Comme avocats, notre rôle d’auxiliaires de la justice nous oblige à nous interroger sur ce que nous
pouvons faire de plus comme contribution au redressement de cette situation inacceptable. Il est vrai que,
déjà, de nombreux confrères acceptent de dispenser leurs services dans l’exécution de mandats gratuits.

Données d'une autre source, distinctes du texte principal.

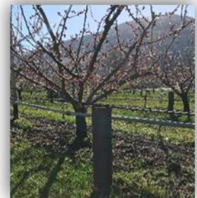
Prototype à pellets (HES-SO)
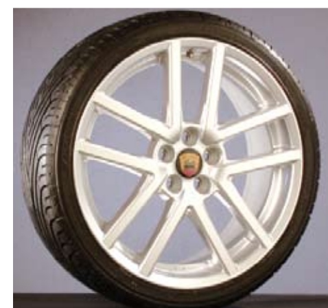
Sportline 8 x 18 and 8 x 19" wheel
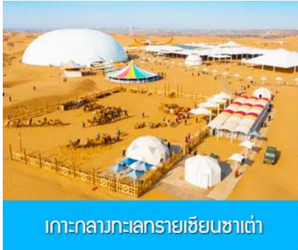
เกาะกลางทะเลทรายเซียนซาเต๋า
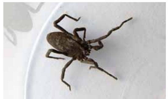
Die gut getarnten Brettkäunker ( Trogulus spp.) sind auf dem Erdboden nur schwer zu entdecken.

Des organismes comme Pro Bono Québec et Juripop – laquelle je connais bien, pour y participer - jouent
un rôle très utile, mais malgré tout insuffisant, par rapport à des besoins criants. Mais pourrions-nous en
faire davantage, à l’échelle de nos institutions représentatives? Se pourrait-il, par exemple, que d’autres
associations professionnelles, au Canada même, s’activent plus que la nôtre? Songeons à l’exemple de
certaines fondations de barreaux de provinces canadiennes et, plus près de nous, à celui de la Chambre
des Notaires du Québec. La contribution de cette dernière a notamment financé des projets
communautaires autrement dépourvus de soutien. En fait, il faut intensifier la mobilisation des efforts pour
colmater cette brèche dans la protection des droits citoyens.
Une conclusion s’impose donc : nous, du monde juridique, sommes plus que tout autre conviés à ce grand
chantier, en réponse à une obligation à la fois démocratique et professionnelle.